Posted: Tuesday, March 5, 2013
Article comment by: Homey D Clown

WHAT?! A "news" "article" on email scams?! LAME!

Posted: Monday, March 4, 2013
Article comment by: bla bla

@ patty hertz

That scam was OBVIOUS. I have been on ebay for many years working transactions and i know for a fact ebay agents doesnt have people send them money through Western Union or any other means of sending funds for that matter. Actually ebay doesnt ask for funds that way. They usually just bill your credit card or bank account for funds you owe them on. Neither have i ever heard of many cases where sellers have the buyers send their payments through an instant money source, other than paypal, however, there HAS been ALOT of scams involving paypal as well but those are also obvious for those that know the paypal system and how it operates.

Most email correspondence i get i dont even bother opening anyways... unless i know the sender in some way.

Posted: Monday, March 4, 2013
Article comment by: Well Now

Sorry but if you are falling for this stuff, you deserve to get phished. They are always so obvious.

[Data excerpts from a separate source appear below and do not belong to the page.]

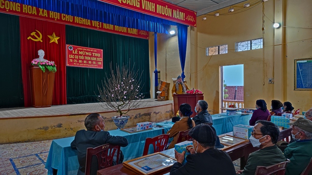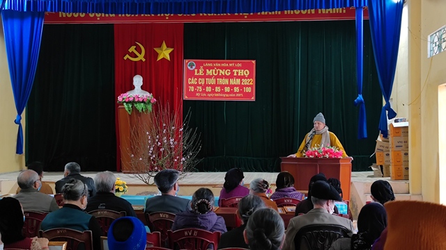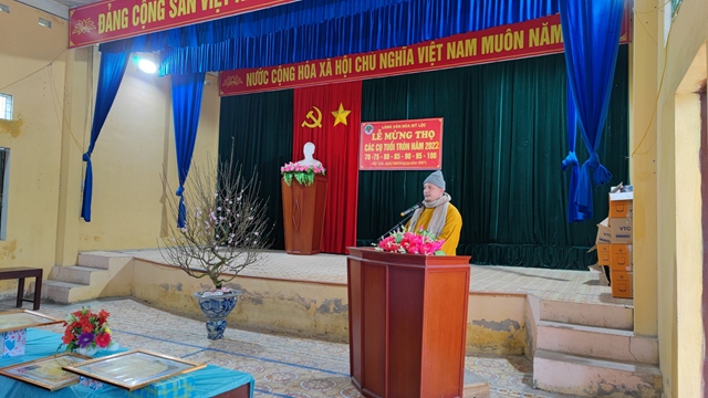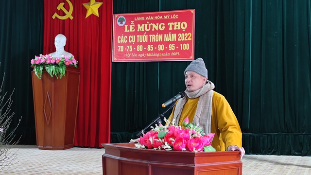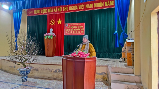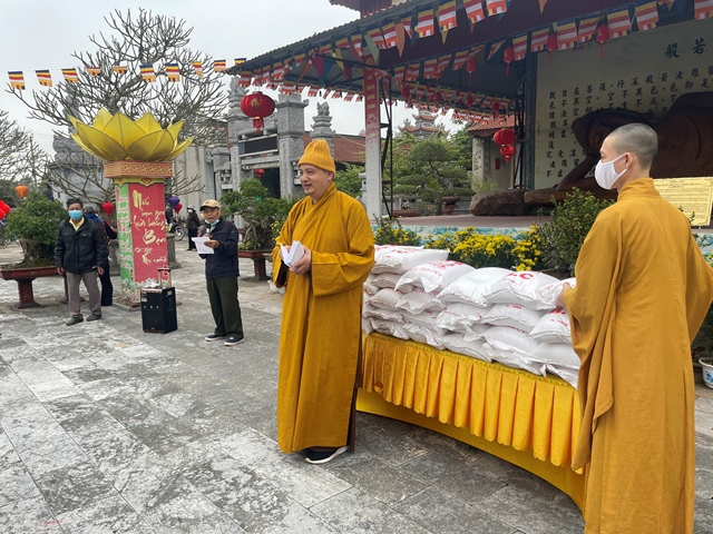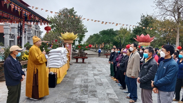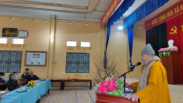 Đại diện chính quyền địa phương đã phát biểu tri ân tới thượng tọa trưởng Ban trị sự huyện, chư tôn đức Tăng Ni trên địa bàn huyện, cùng Phật tử, các nhà hảo tâm, các mạnh thường quân đã phát tâm tịnh tài ủng hộ bà con trong huyện. Kính chúc chư tôn đức Tăng Ni, quý Phật tử, các nhà hảo tâm đón tết cổ truyền an lạc, cát tường, như ý và mong sẽ tiếp tục nhận được sự quan tâm, giúp đỡ của chư tôn đức tăng ni và Phật tử trong huyện, mong chư tôn đức tăng ni và bà con trong huyện tiếp tục phối hợp cùng chính quyền các cấp trong công tác phòng chống, đẩy lùi dịch bệnh Covid-19.
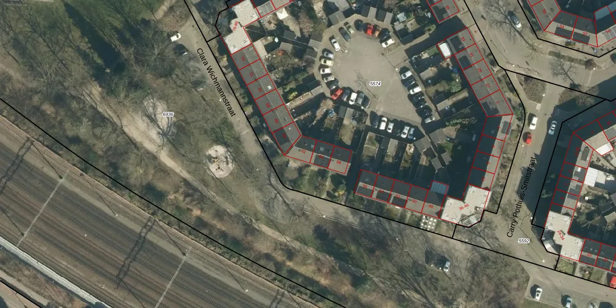 Het perceel waarop Clara Wichmannstraat 62 staat heeft een oppervlakte van 6989 m². Dit is een zeer groot perceel. De perceeloppervlakte wordt geregistreerd door het Kadaster. Gedetailleerde informatie over de maten van dit perceel kunt u vinden in het rapport Kadastrale kaart met maatvoering van Clara Wichmannstraat 62.
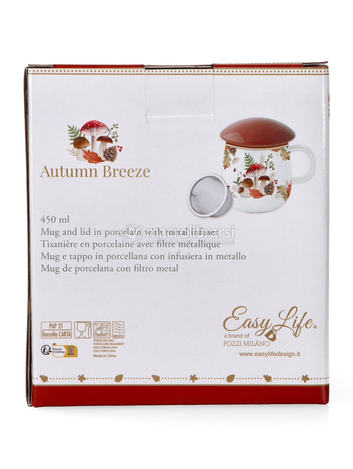 Autumn Breeze porta in cucina i colori più caldi della stagione… dorati raggi di sole, foglie rosse, piccoli funghetti e scoiattoli che raccontano pause senza fretta. La tisaniera “Funghetto” di Easylife è in porcellana, piacevole al tatto e alla vista… completa di filtro in acciaio per infusioni pulite e aromatiche, e di coperchio coordinato che trattiene calore e profumi.
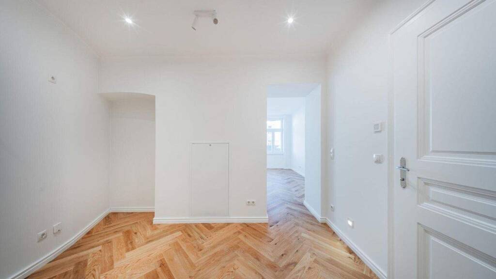 Diese moderne Altbauwohnung überzeugt mit Ihrem durchdachten Grundriss. Der Wohnraum ist westlich ausgerichtet. Für eine optimale Nutzung der Fläche, ist im Vorraum die offene Küche geplant, welche genügend Platz für einen Esstisch bietet. Ebenfalls im Eingangsbereich der Wohnung befindet sich das Badezimmer. Dieses ist mit hochwertigem Feinsteinzeug und Markenarmaturen ausgestattet und beinhaltet eine moderne Walk-In Dusche, sowie ein Handwaschbecken und einen Waschmaschinenanschluss. Straßenseitig ausgerichtet befindet sich der einladend, offen gestaltete Wohnraum.
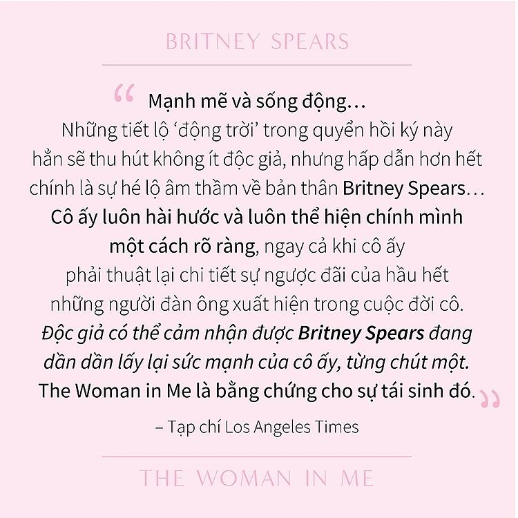Người đàn bà trong tôi hé mở cho độc giả thấy hành trình phi thường của Britney Spears, cùng với sức mạnh cốt lõi của cô ấy, một trong những nghệ sĩ vĩ đại nhất trong lịch sử nhạc pop.

Posted: Monday, March 4, 2013
Article comment by: patty hertz

Banks should follow Ebays lead. Every message sent to you by ebay is backed up by a copy put in a messages folder in your account. Someone try to scam me into buying an item through ebay that I found on Craigs list. I received a message in my personal email that asked for information to close the deal using Western Union to an ebay agent. The message was a very good imitation of ebays. When I went to my account on ebay to confirm, there was no message back up. I knew right away it was a scam.